**Description of the task**. Only the lines running from the line with "Kameraschiene für Unterwassergehäuse" to the end of the listing below should be copied, exactly, without pictures.

── Provided material

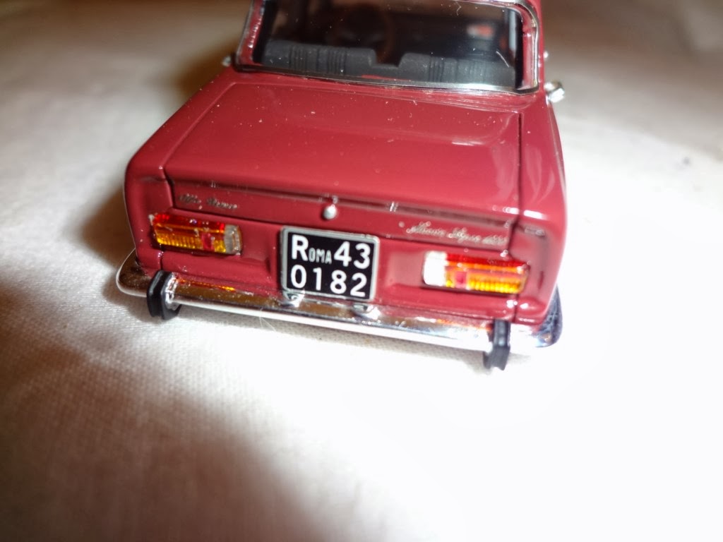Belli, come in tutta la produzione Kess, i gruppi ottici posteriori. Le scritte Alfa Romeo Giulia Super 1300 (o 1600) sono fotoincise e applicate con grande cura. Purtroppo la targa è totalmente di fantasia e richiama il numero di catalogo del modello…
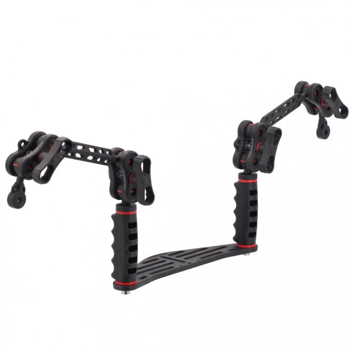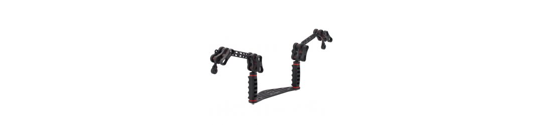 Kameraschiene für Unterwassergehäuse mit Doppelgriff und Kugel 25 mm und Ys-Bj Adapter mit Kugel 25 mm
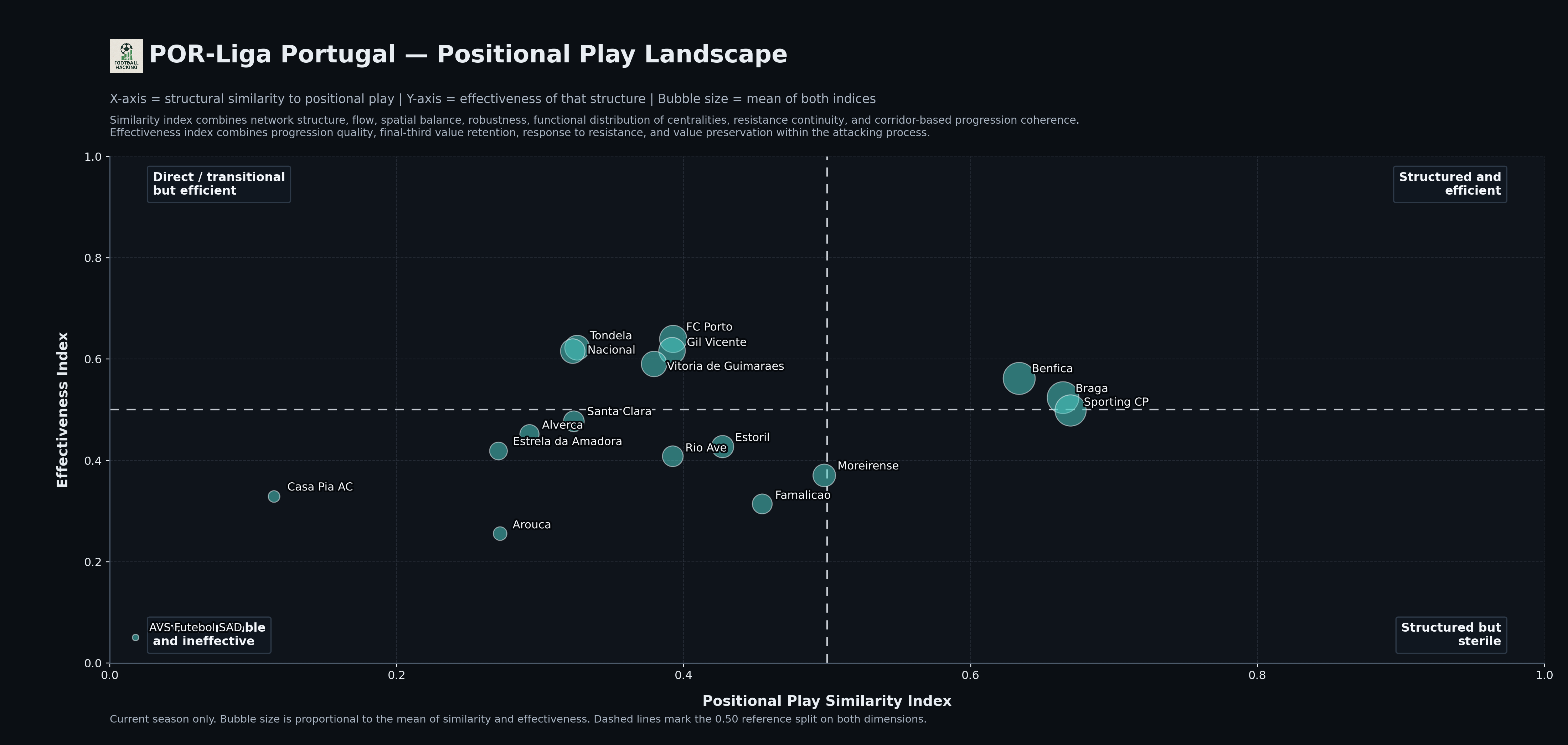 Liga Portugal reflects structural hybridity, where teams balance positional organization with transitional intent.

────

**Response**.
 Kameraschiene für Unterwassergehäuse mit Doppelgriff und Kugel 25 mm und Ys-Bj Adapter mit Kugel 25 mm
 Liga Portugal reflects structural hybridity, where teams balance positional organization with transitional intent.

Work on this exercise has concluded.